By signing these terms and conditions, or by accepting them, even tacitly (by proceeding to payment) an invoice or the payment of a deposit, the customer expressly acknowledges having read these terms and conditions and having accepted them in their entirety and without reservation. The present general conditions specify in particular the conditions of payment.
ART.II – INFORMATION AND RIGHT OF WITHDRAWAL
In the event of the conclusion of a distance contract, within the meaning of Article I.8, 13° of the Code of Economic Law, between PRO-IDIOMA TRADUCTION and the client, and only if the latter is a consumer, the client acknowledges having received, prior to the conclusion of the contract, from the Service Provider, all of the information set out in Articles VI.2 and VI.45 of the Code of Economic Law, as well as detailed confirmation of the contract concluded, as referred to in Article VI.46 § 7 of the Code of Economic Law.
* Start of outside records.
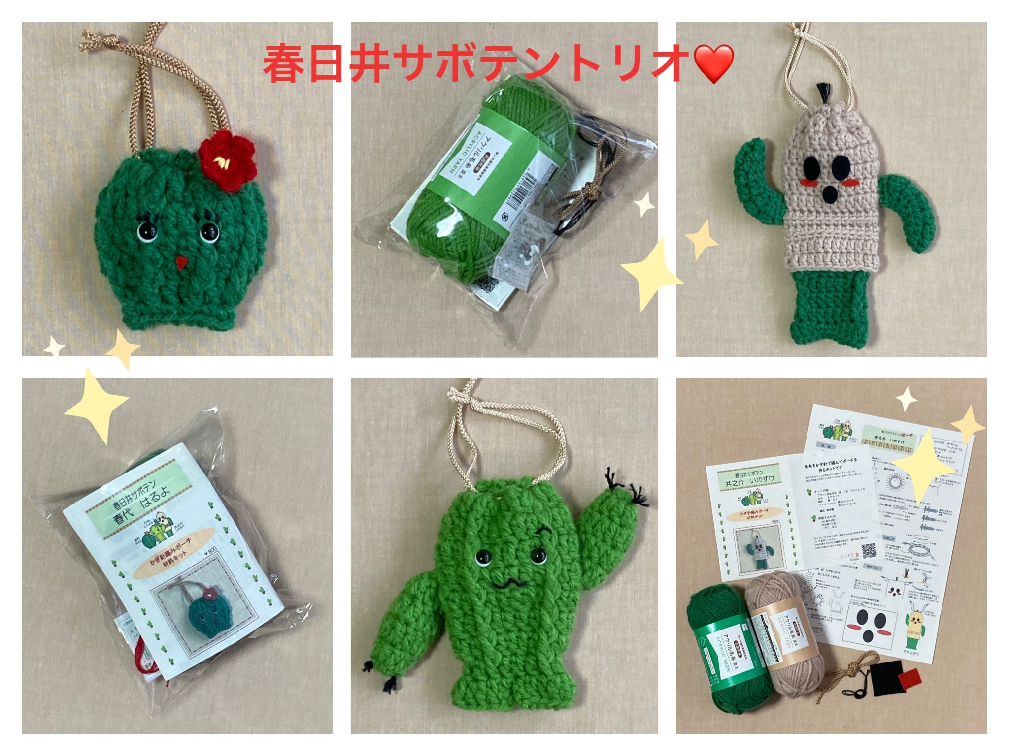 この3人、春代、日丸、井之介をかぎ針で編んでポーチに作る材料キットができました。少し太めの毛糸を使い、目数もそんなに多くないので、手芸好きの小学校高学年くらいのお子さんでも作れると思います。出来上がったら好きなものを入れて身近に使えるので、編物の楽しみを実感して頂けるのではないでしょうか。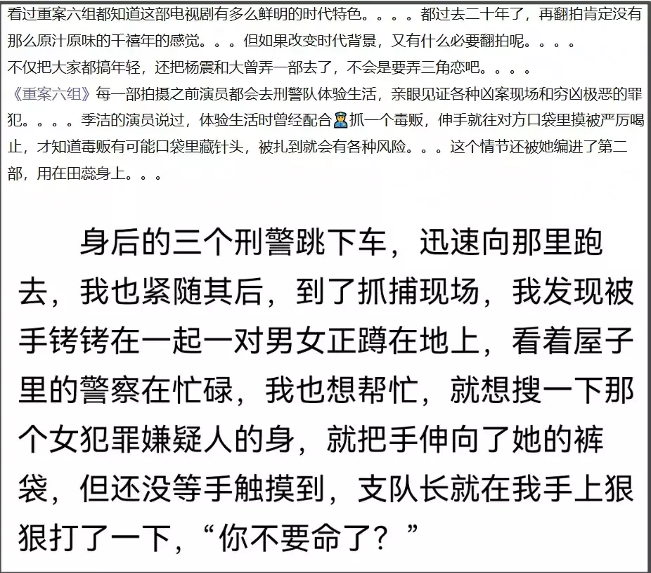 还记得《重案六组》是四部吧?除了女主季洁贯穿始终,其他角色都是轮番出场,结果翻拍版《重案六组》把不同时间出场的角色都捏到同一部里,还把包括季洁在内的角色都改年轻了。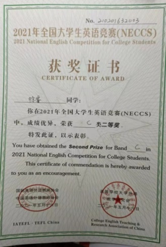 本科2019级徐睿获得2021年全国大学生英语竞赛(NECCS)C类国家级二等奖。
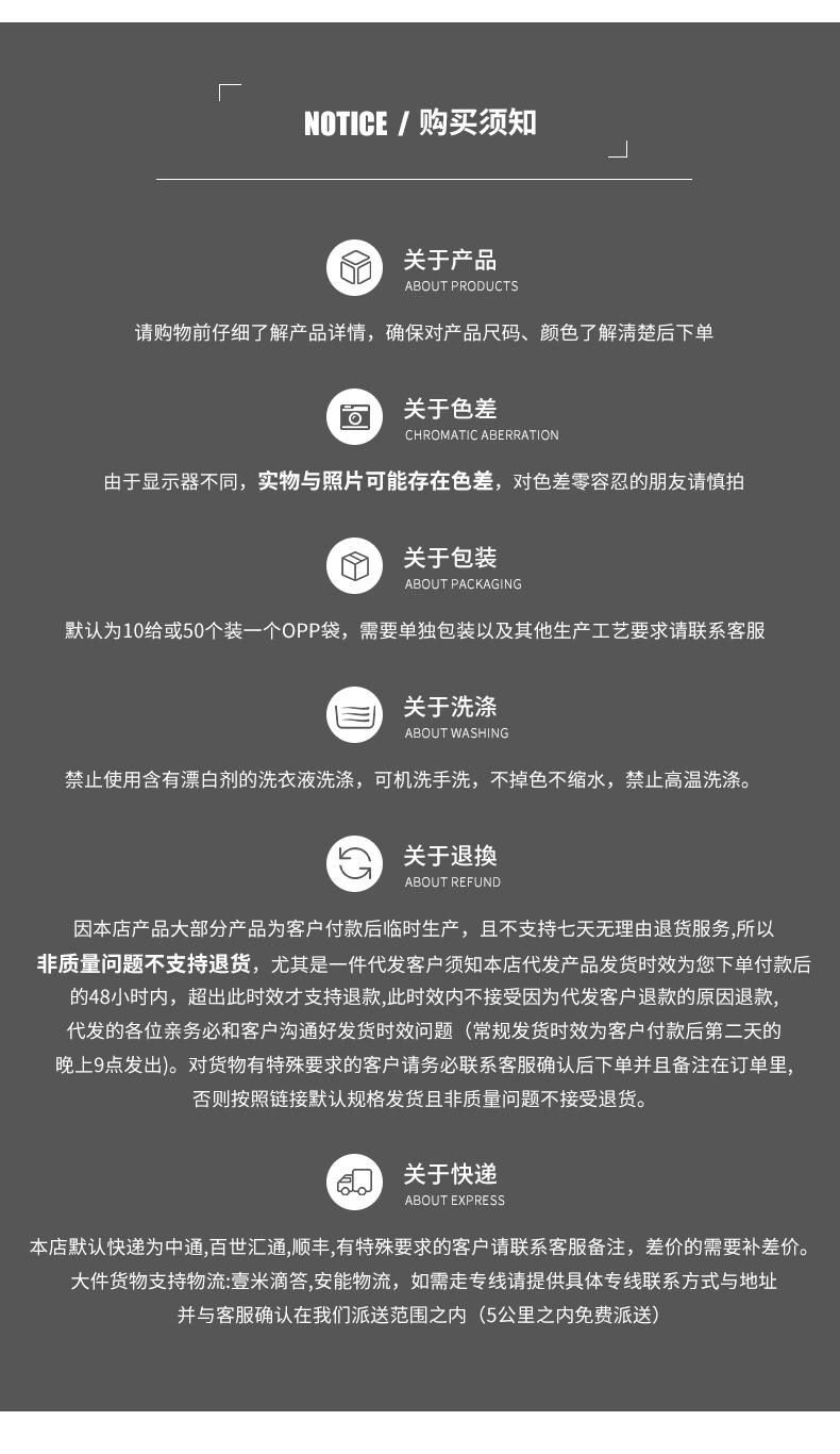 1. El pedido no incluye la etiqueta de lavado por defecto. Si necesita añadirla, consulte con atención al cliente.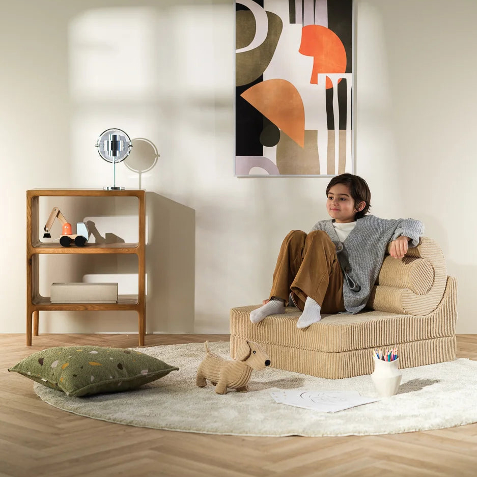Susipažinkite su Vaikiška Rudojo Cukraus Spalvos Kėdė-Gultas FLIPSTER, patobulinta klasikinės kėdės-gulto versija. Ji suteikia dar daugiau komforto, funkcionalumo ir erdvės tiek vaikams, tiek suaugusiems. Dabar ne tik jūsų mažyliai gali mėgautis jaukia vieta poilsiui, bet ir tėvai ar vyresni vaikai gali patogiai atsisėsti, pailsėti ar net nusnausti.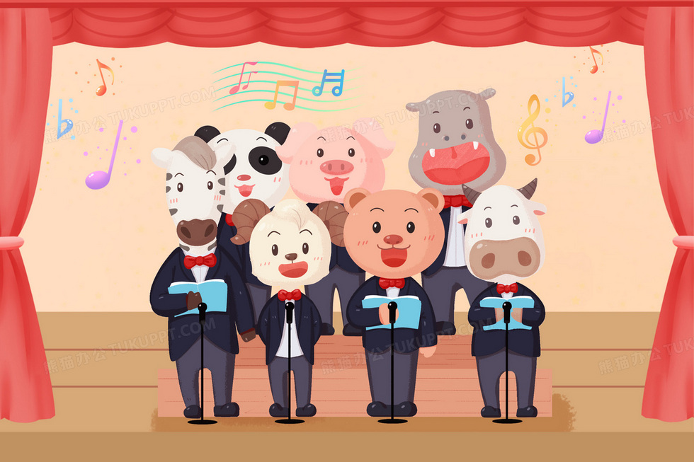 本作品内容为小动物合唱团舞台上唱歌表演插画, 格式为 psd, 大小13 MB, 请使用软件PhotoShop(CC)打开, 源文件无水印, 欢迎使用熊猫办公。 如认为平台内容涉嫌侵权,可通过邮件:tousu@tukuppt.com提出书面通知,我们将及时处理。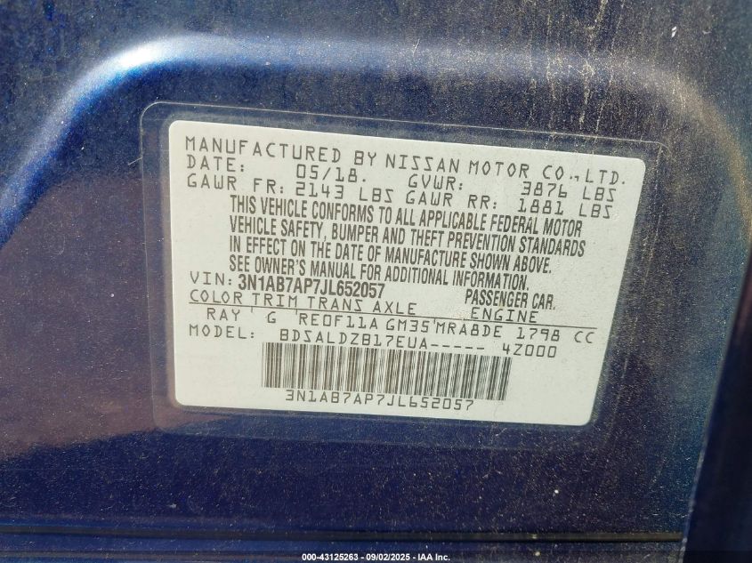 Колір СинійЦиліндри 4Привід Передній привідVIN 3N1AB7AP7JL652057Стан Заводиться та їде (перевірено)Ушкодження ЗадняДата аукціону 2025-12-12 AutoRIA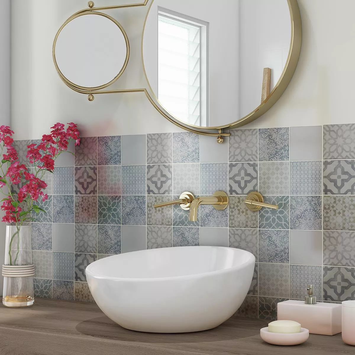 We offer timeless elegance with our ceramic mosaic tiles Venezia Ornament. These square shape floor, wall and mosaic tiles with a stone size of 97x97mm give your indoor and outdoor living space a vibrant retro look. The structured and shiny surface as well as the bright colors create a unique atmosphere.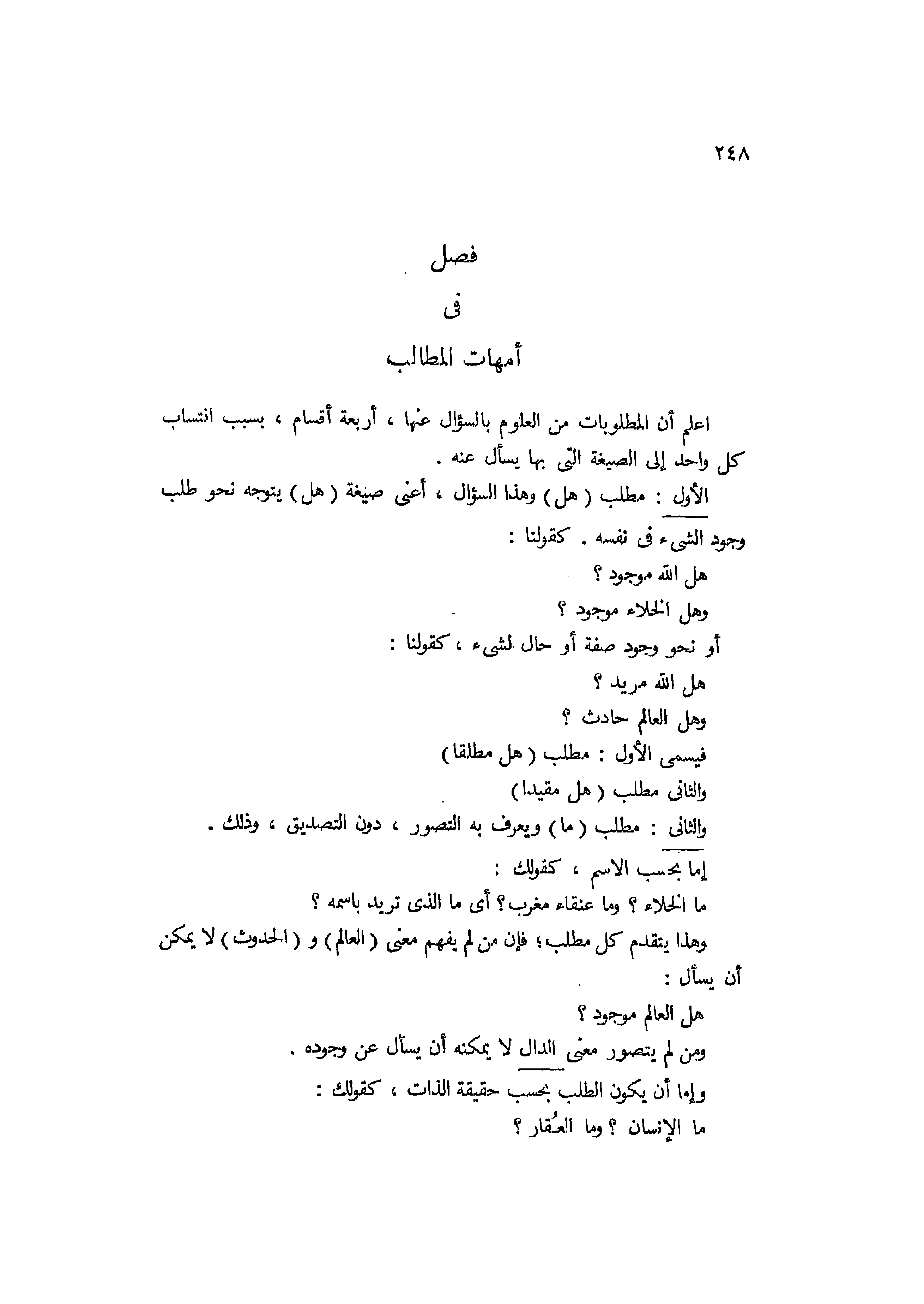 إعلم أن المطلوبات من العلوم بالسؤال عنها أربعة أقسام بسبب إنتساب كل واحد إلى الصيغة التي بها يسأل عنه: الأول: مطلب " هل " وهذا السؤال أعني صيغة هل، يتوجه نحو طلب وجود الشيء في نفسه كقولنا: الله موجود وهل الخلاء موجود؟ أو نحو وجود صفة أو حال لشيء كقولنا: هل الله مريد وهل العالم حادث؟ فيسمى الأول مطلب هل مطلقا والثاني مطلب هل مقيدا.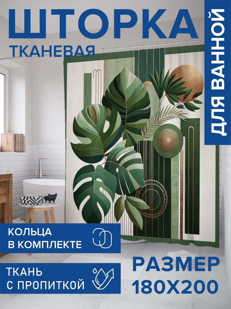 JoyArty Штора для ванной с водоотталкивающей пропиткой «Монстера в искусстве»-30% +83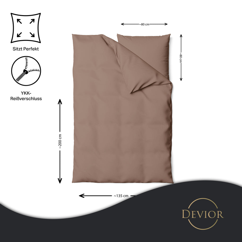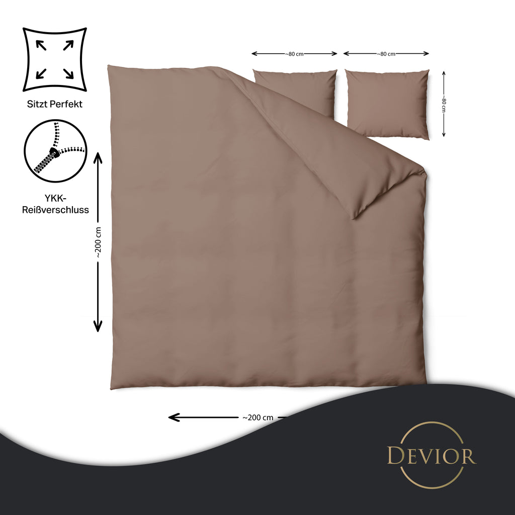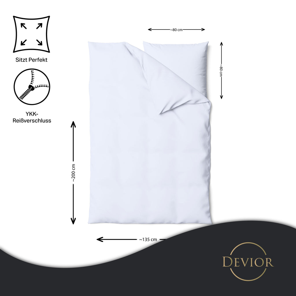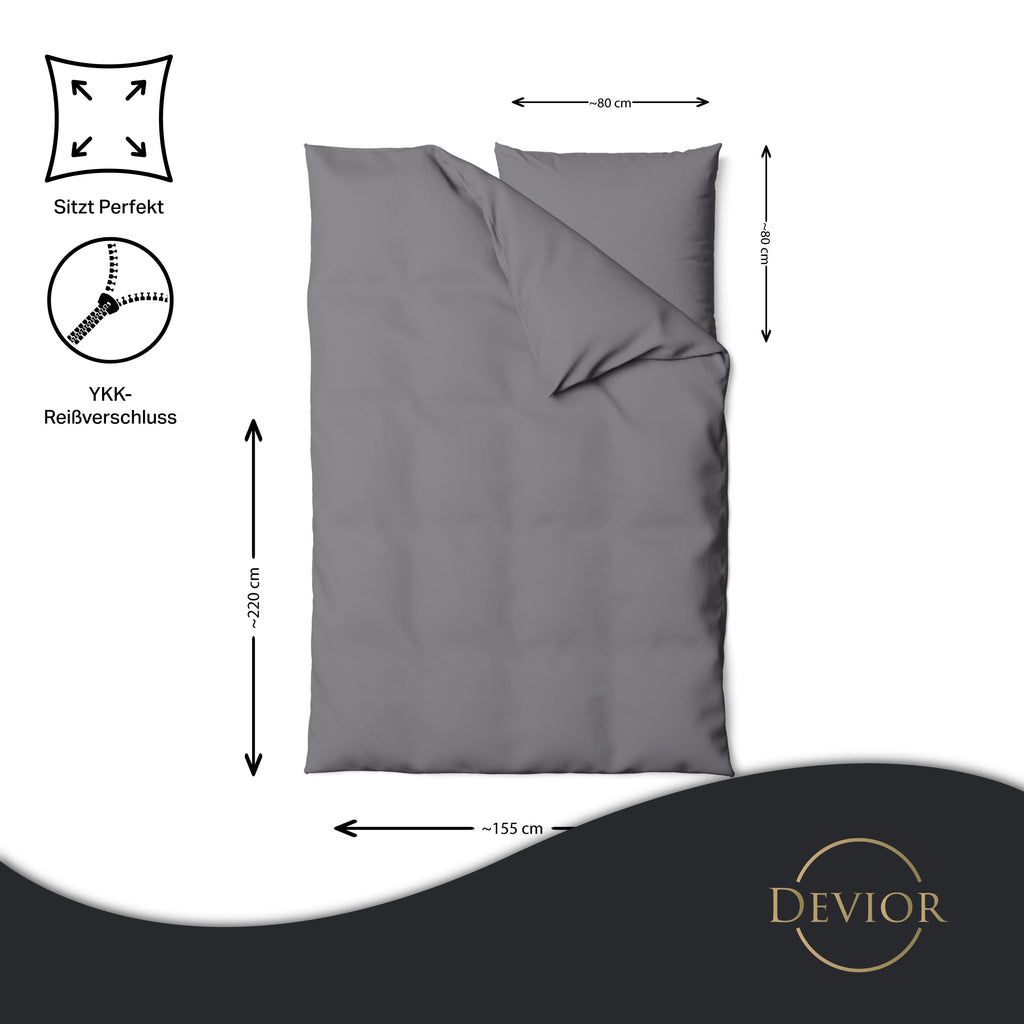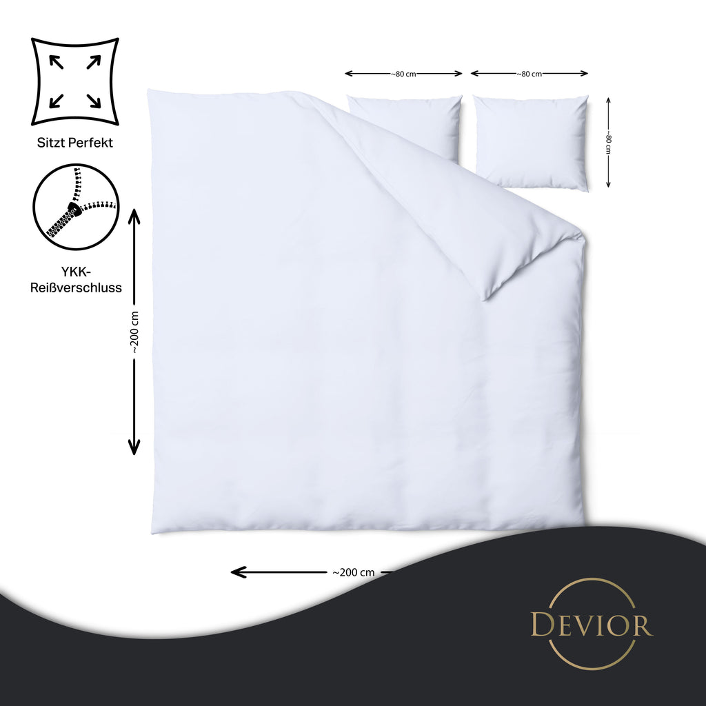 Das Devior Set zeichnet sich durch einen verdeckten, qualitativ hochwertigen YKK-Reißverschluss aus, der Komfort mit Strapazierfähigkeit verbindet. Hautsympathisch und feuchtigkeitsregulierend, unterstützt es einen ungestörten Schlaf, während die atmungsaktive Qualität für eine ausgeglichene Temperatur sorgt.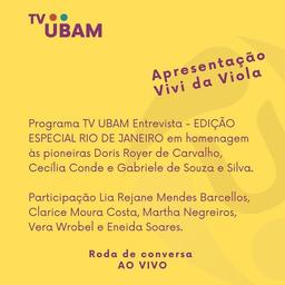 Chamada: Programa TV UBAM Entrevista - EDIÇÃO ESPECIAL RIO DE JANEIRO, dia 16 de junho, às 10h, em homenagem às pioneiras Doris Royer de Carvalho, Cecília Conde e Gabriele de Souza e Silva.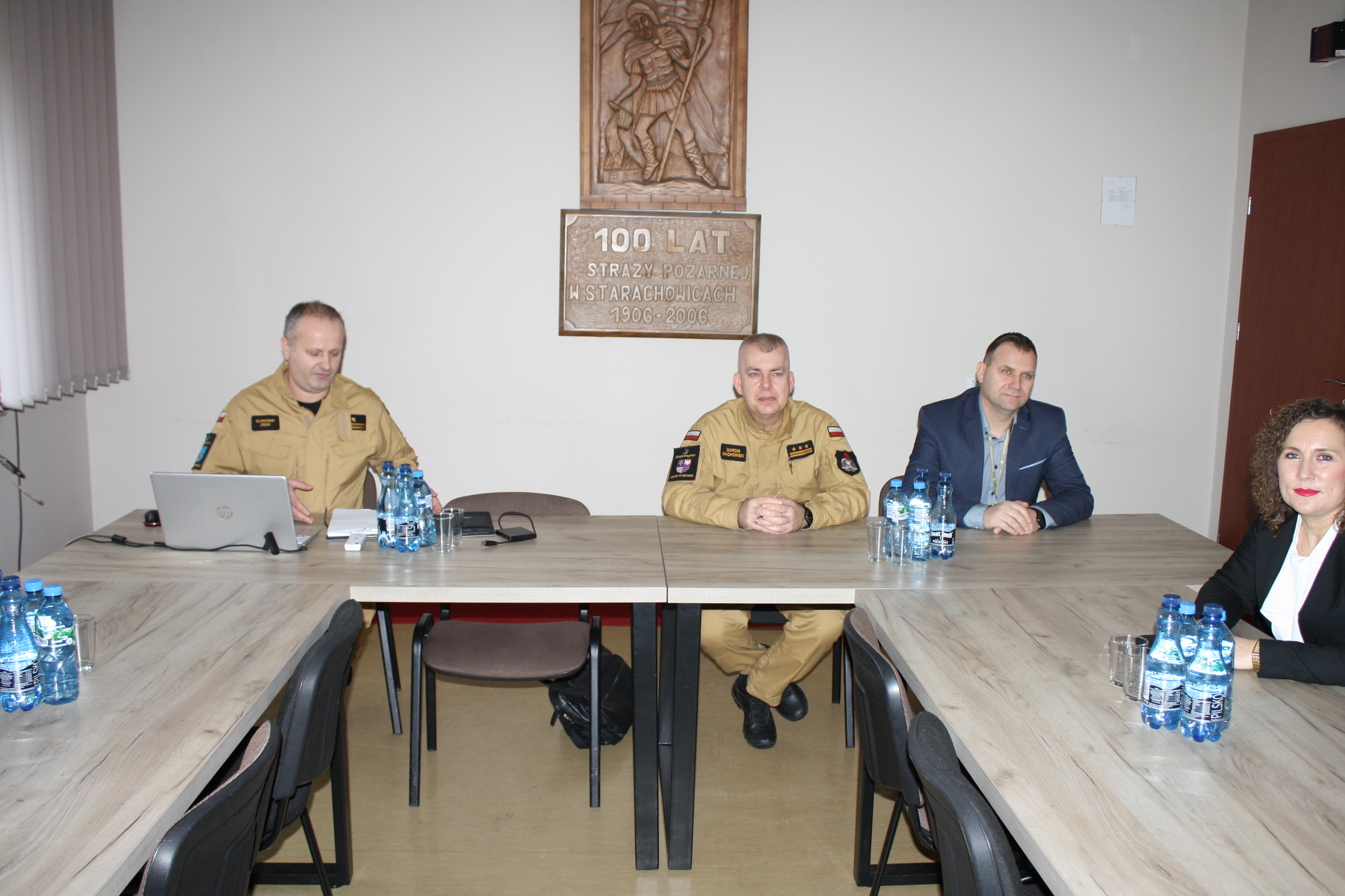 W spotkaniu udział wzięli: Starosta Starachowicki Piotr Ambroszczyk, Zastępca Prezydenta Miasta Starachowice Elżbieta Gralec, Wójt Gminy Mirzec Mirosław Seweryn, Wójt Gminy Pawłów Marek Wojtas, komendanci gminni ochotniczych straży pożarnych oraz przedstawiciele służb współdziałających. Podczas narady Komendant powiatowy Państwowej Straży Pożarnej w Starachowicach mł. bryg. Sławomir Zięba omówił szereg zagadnień z zakresu ochrony przeciwpożarowej.

If the contract is concluded at the company’s headquarters or at the customer’s home, the customer also has a period of withdrawal of 14 calendar days.
In addition, the consumer client is informed that PRO-IDIOMA TRADUCTION will only begin to perform the services requested by him/her after the expiry of the legal withdrawal period of 14 days from the date of the conclusion of the contract.
If the consumer client wishes PRO-IDIOMA TRADUCTION SRL to begin the execution of the services immediately, he/she must expressly request this and thereby acknowledge that he/she loses his/her right of withdrawal once the contract has been fully executed. If the client makes such a request and exercises his right of withdrawal within the legal time limit, but before the contract has been fully executed, PRO-IDIOMA TRADUCTION shall invoice the consumer client a pro rata amount for the services already carried out at the moment when he informs PRO-IDIOMA TRADUCTION of the exercise of his right of withdrawal.
ART.III – OFFERS AND ORDERS
Unless otherwise stipulated in the agreement between the Parties, the period of validity of any offer shall be one month from the receipt of the offer or purchase order.
Any order not preceded by a written offer from the Service Provider shall only be binding on the latter if it is accepted in writing by PRO-IDIOMA TRADUCTION before the start of the assignment.
ART.IV – DEADLINES
The delivery date specified in the contract shall be binding on the Contractor, provided that the Contractor has received all the information to be provided by the Client, i.e. texts, sources and information relevant to the performance of the assignment. If the Client fails to meet its obligations within a reasonable period of time, the delivery period shall be extended in accordance with the delay in receiving the data.
The Client may only invoke the non-observance of deadlines as grounds for rescission of the contract, claim damages or assert any other claims if the delivery deadline has been agreed as binding and irrevocable and the Client has fulfilled his obligations. The delay on the part of the Contractor shall also have been announced in advance.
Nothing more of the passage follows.